TASK GOAL: Starting at the line that contains "7990-9980 美品 二万以下", reproduce only the lines through the end of the data, exactly, including both the first and the last; skip the pictures.

GIVEN RECORDS:
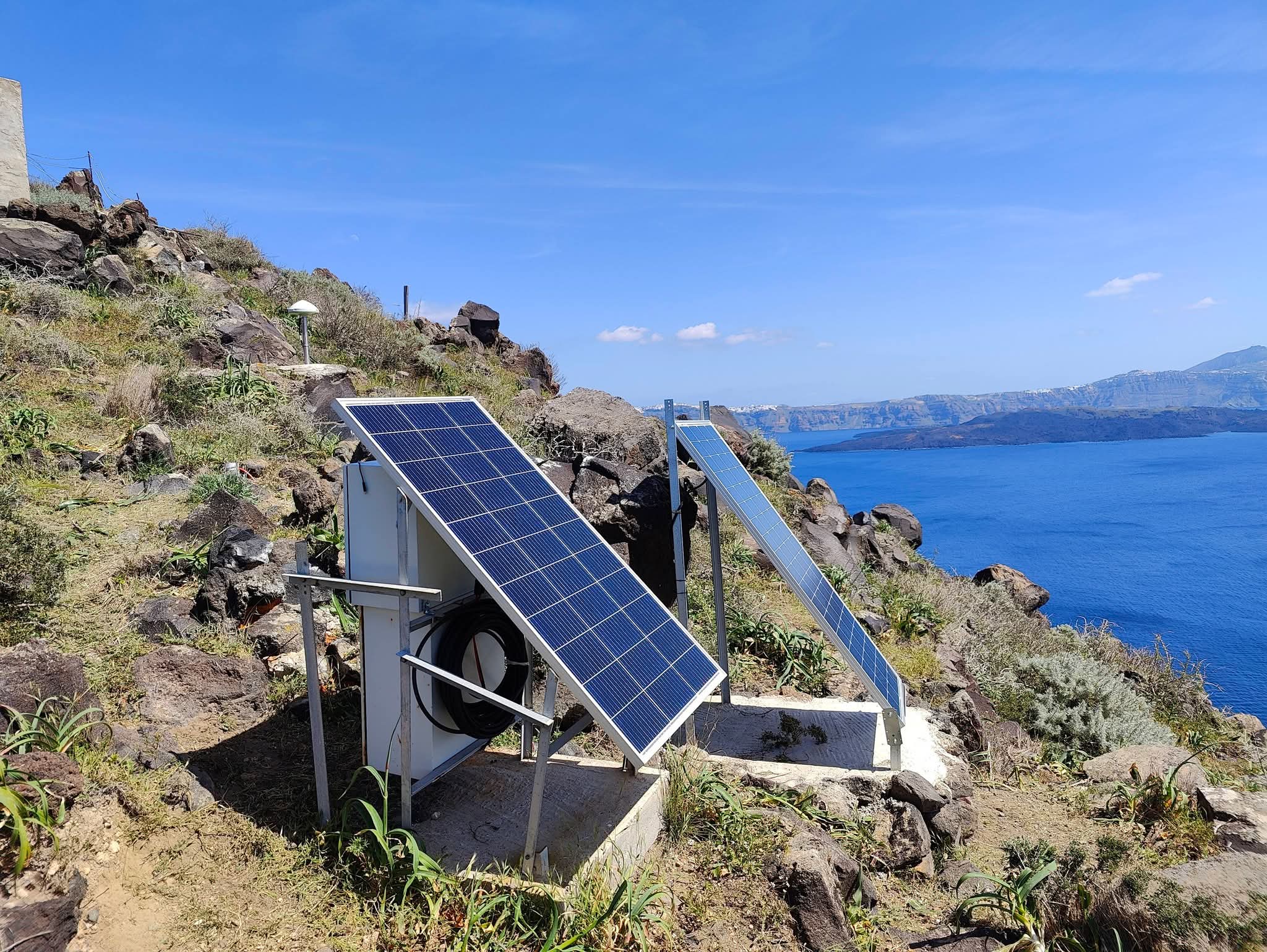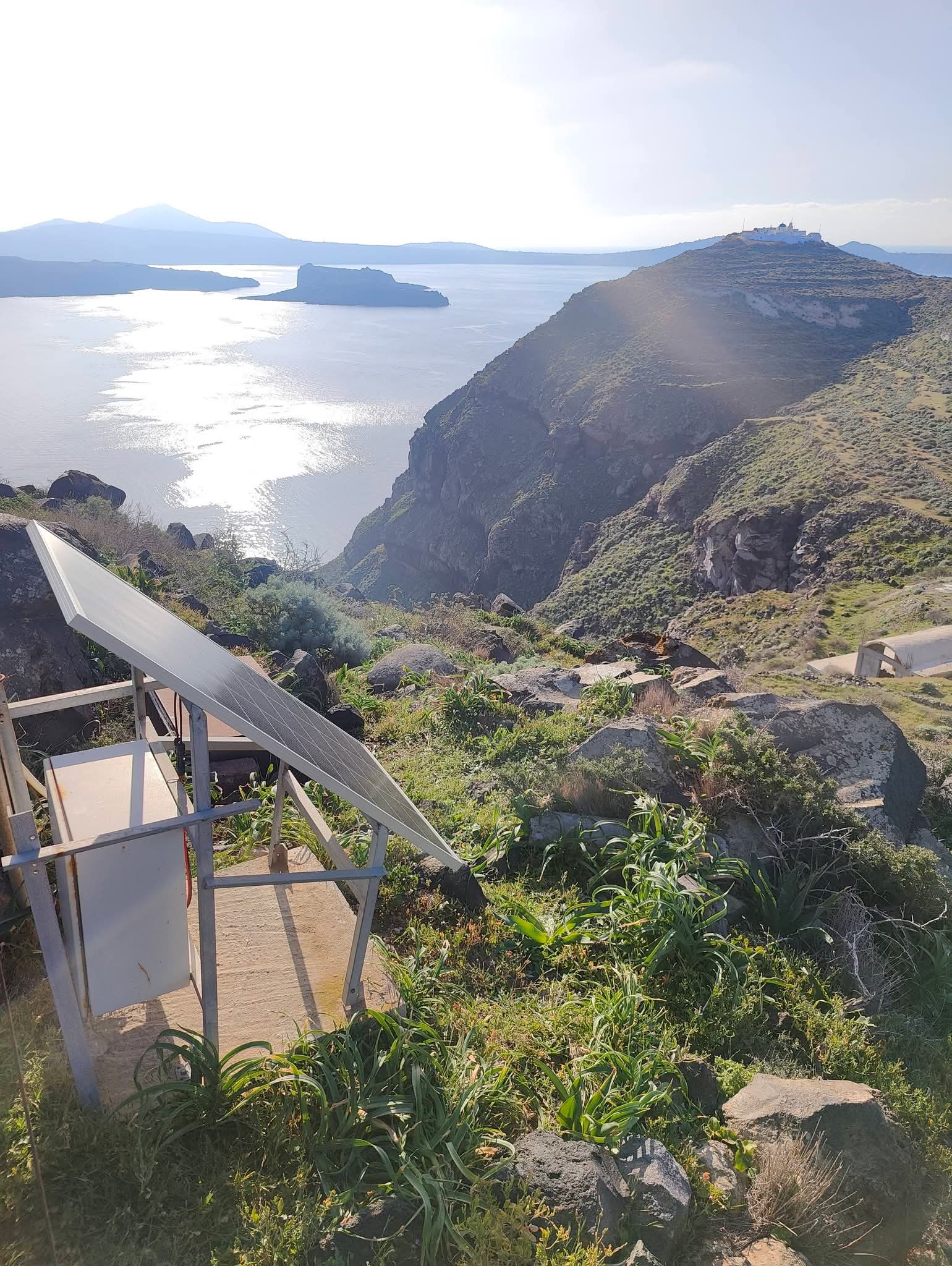 Καλώδια, φωτοβολταϊκά πάνελ και τοπογραφικά όργανα που μοιάζουν με τηλεσκόπια και μετρούν γωνίες και αποστάσεις «αγκαλιάζουν» την καλντέρα, γίνονται ένα με το ηφαιστειακό τοπίο και προσπαθούν να καταγράψουν οτιδήποτε θα μπορούσε να προμηνύει ένα νέο φαινόμενο.
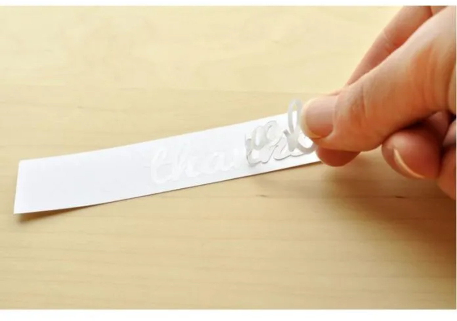 Първо изрежете желания мотив със своята Silhouette режеща машина. След това отстранете долния защитен слой и поставете изрязания дизайн върху повърхността на проекта. Накрая премахнете горния защитен слой, за да откриете лепящата повърхност, готова за декоративните материали.
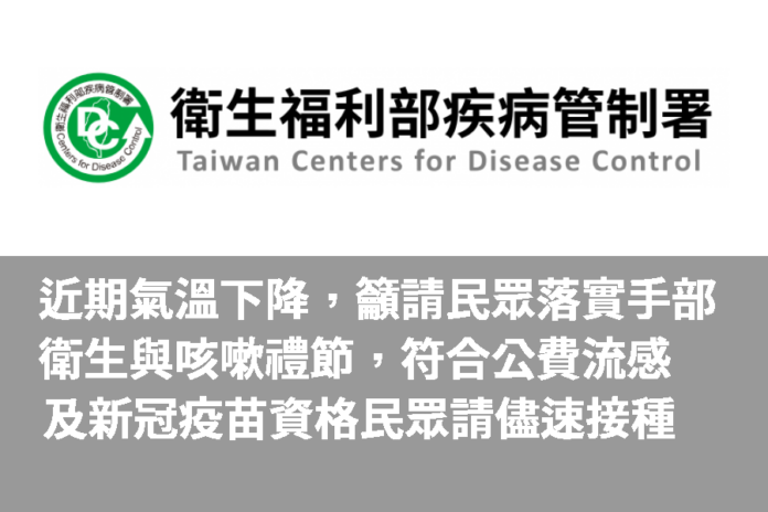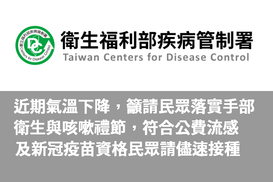 近期氣溫下降,籲請民眾落實手部衛生與咳嗽禮節,符合公費流感及新冠疫苗資格民眾請儘速接種
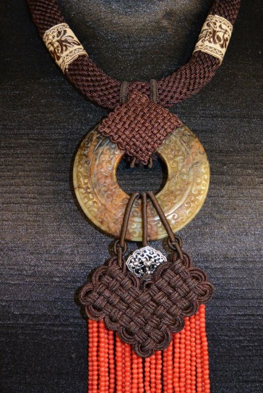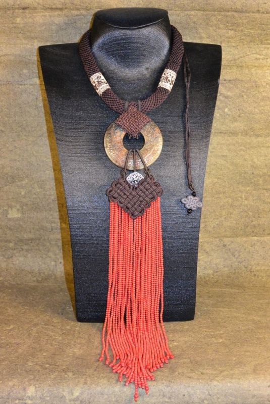 Bijoux de Création Ethnique - Ancien Jade et Corail Rouge
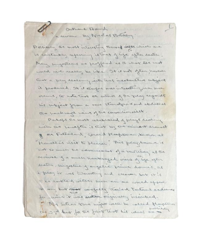 Manuscript Review of Sutton Vane’s ‘Outward Bound’, c.1923
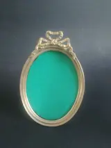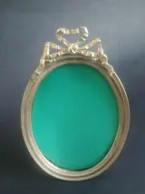 Kleine ovale lijst van verguld brons met daarboven een knoop in Lodewijk XVI-stijl.
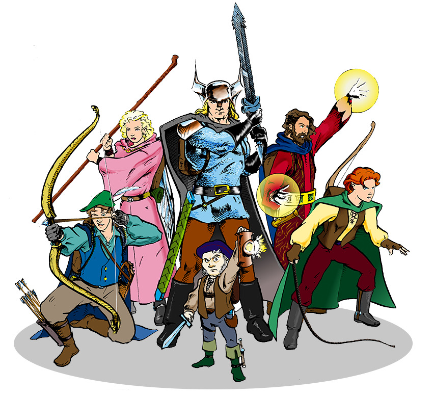 我和龙与地下城这个游戏的互动就是从这里开始的。我在初中和高中时期都玩得很热衷、大学时期少了一点,然后住在洛杉矶时都会和我的朋友进行每周的战役。下面这张队伍图就是我的室友Chris画的。(Chris要我强调这张图是他很年轻时画的。)我是右边双手发亮的法师。
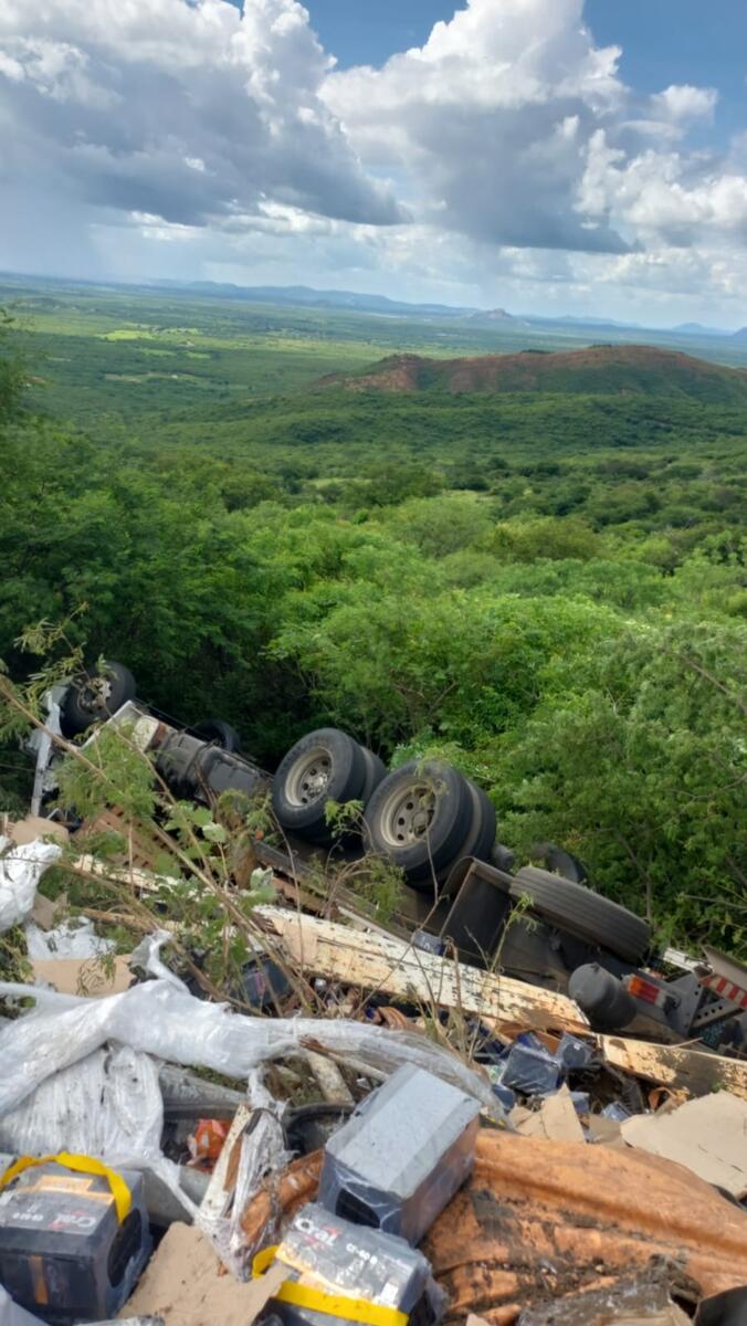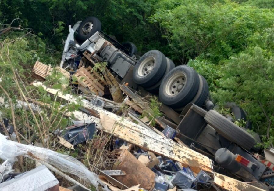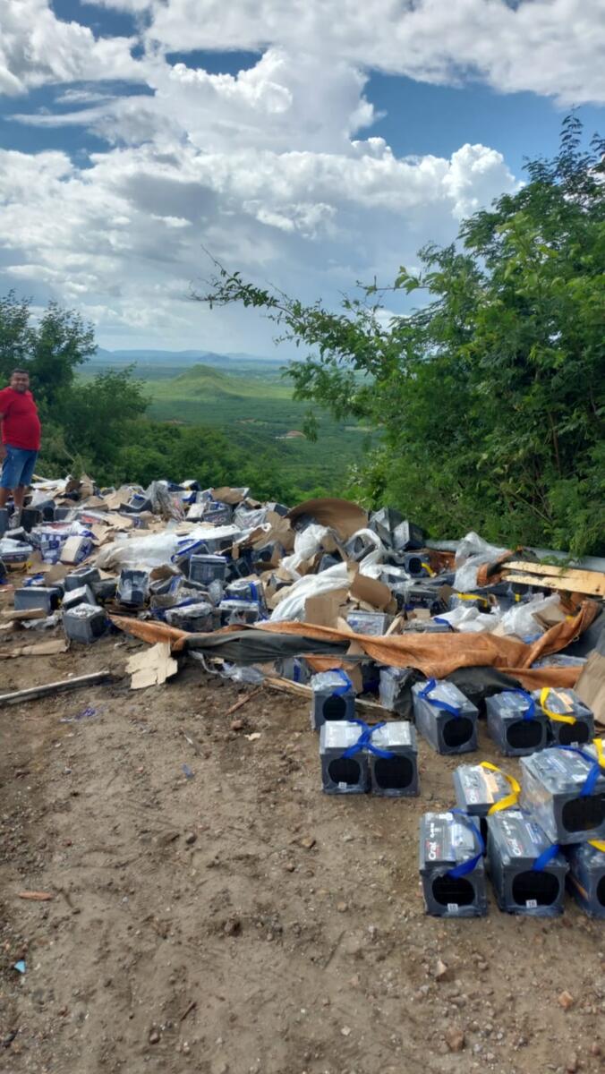 Caminhão carregado de baterias tomba na Serra de Teixeira; motorista morre e parte da carga é saqueada
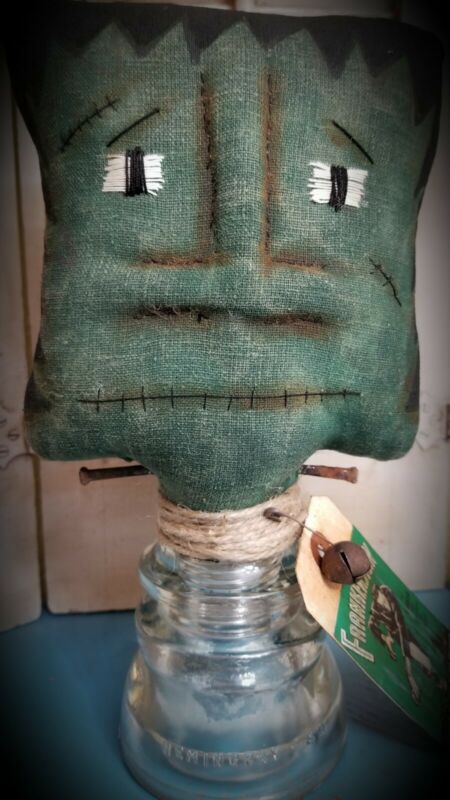 Title (ebay affiliate link): Primitive Frankenstein Make-do on Vintage Glass Insulator ~ Doll ~ Halloween ~
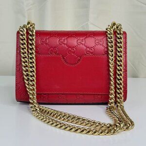 Gucci GG Logo Printed Red Leather Small Padlock Shoulder Bag with Gold Hardware
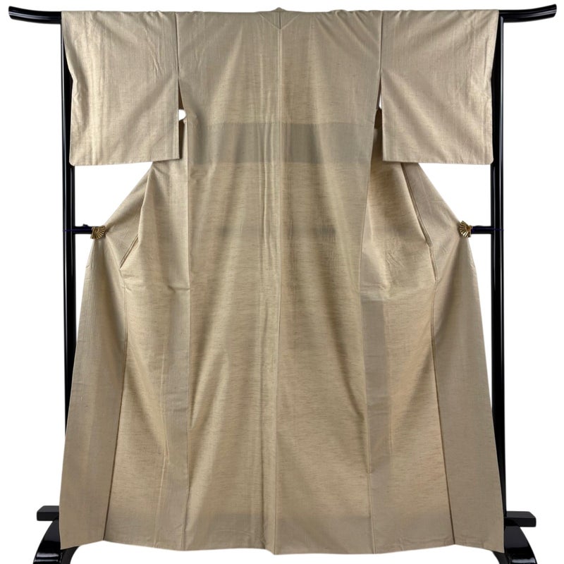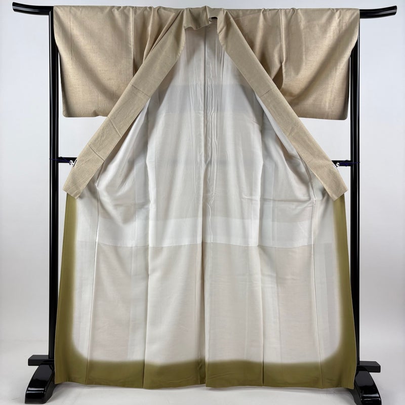 【紬】 白系 ベージュ 秀品 A 約160cm~約169cm 裄丈66cm (M)size 袖丈49cm 7990-9980 美品 二万以下
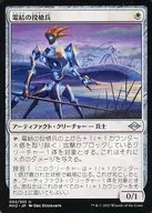 逆刺の針/Barbed Spike (かえりのはり) (1)(白)アーティファクト ― 装備品(Equipment) MH2, アンコモン逆刺の針が戦場に出たとき、飛行を持つ無色の1/1の飛行機械(Thopter)アーティファクト・クリーチャー・トークン1体を生成し、その後逆刺の針をそれにつける。装備しているクリーチャーは+1/+0の修整を受ける。装備(2)Illus.James Paick (5/303)
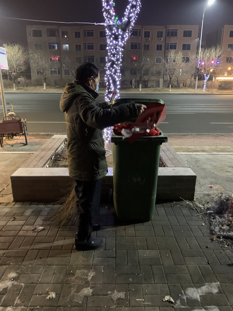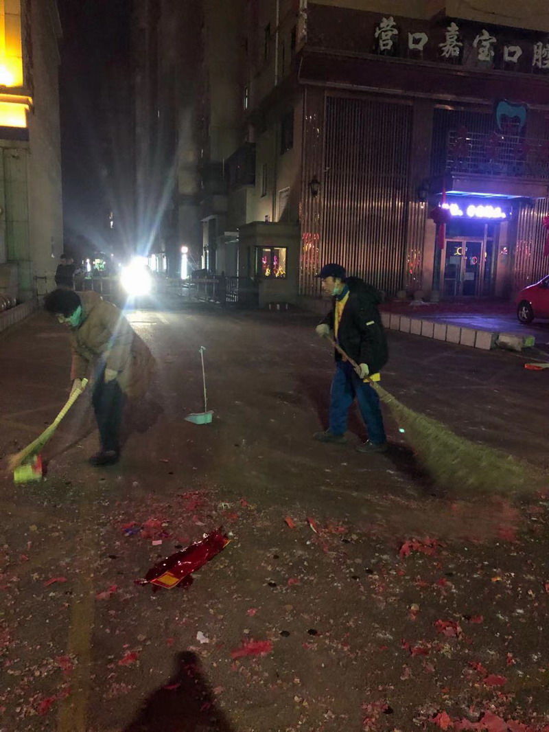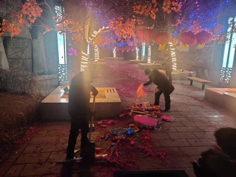 除夕夜燃放煙花爆竹是春節(jié)慶祝的方式,晚上十點,是物業(yè)人的集結(jié)令,當大家都沉浸在過年的闔家歡樂的喜慶氛圍中,中天物業(yè)全體員工卻投入清掃的崗位中,是他們將轄區(qū)燃放的爆竹紙屑清掃的一塵不染。凡是有鞭炮紙屑的地方就有我們物業(yè)人的身影,微笑著穿梭在轄區(qū)的各個角落,他們彎身弓腰、揮掃裝袋。當業(yè)主們初一清晨走入園區(qū)時,映入眼簾的仍然是干凈、整潔、安全的社區(qū)環(huán)境。
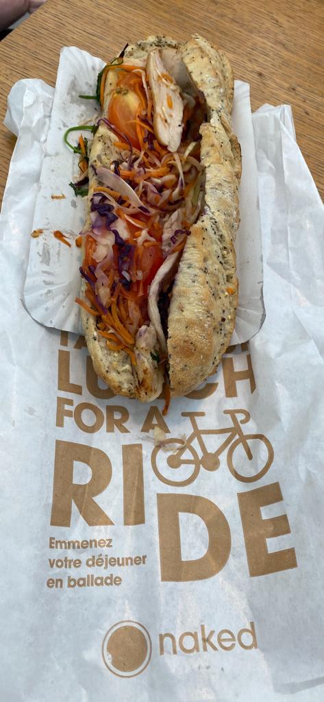 Sandwich chichen Ban mi que de nom. 2% de poulet, 18% de salade et 80% de pain. ARNAQUE! Fuillez!!!!
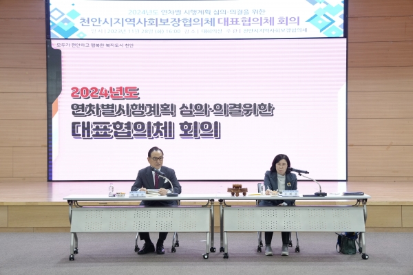 [세종타임즈] 천안시지역사회보장협의체는 지난 28일 시청 대회의실에서 대표협의체 회의를 열고 제5기 지역사회보장계획 2024년도 연차별 시행계획을 심의·확정했다.

COMPLETED EXERCISE:
 【紬】 白系 ベージュ 秀品 A 約160cm~約169cm 裄丈66cm (M)size 袖丈49cm 7990-9980 美品 二万以下
 逆刺の針/Barbed Spike (かえりのはり) (1)(白)アーティファクト ― 装備品(Equipment) MH2, アンコモン逆刺の針が戦場に出たとき、飛行を持つ無色の1/1の飛行機械(Thopter)アーティファクト・クリーチャー・トークン1体を生成し、その後逆刺の針をそれにつける。装備しているクリーチャーは+1/+0の修整を受ける。装備(2)Illus.James Paick (5/303)
 除夕夜燃放煙花爆竹是春節(jié)慶祝的方式,晚上十點,是物業(yè)人的集結(jié)令,當大家都沉浸在過年的闔家歡樂的喜慶氛圍中,中天物業(yè)全體員工卻投入清掃的崗位中,是他們將轄區(qū)燃放的爆竹紙屑清掃的一塵不染。凡是有鞭炮紙屑的地方就有我們物業(yè)人的身影,微笑著穿梭在轄區(qū)的各個角落,他們彎身弓腰、揮掃裝袋。當業(yè)主們初一清晨走入園區(qū)時,映入眼簾的仍然是干凈、整潔、安全的社區(qū)環(huán)境。
 Sandwich chichen Ban mi que de nom. 2% de poulet, 18% de salade et 80% de pain. ARNAQUE! Fuillez!!!!
 [세종타임즈] 천안시지역사회보장협의체는 지난 28일 시청 대회의실에서 대표협의체 회의를 열고 제5기 지역사회보장계획 2024년도 연차별 시행계획을 심의·확정했다.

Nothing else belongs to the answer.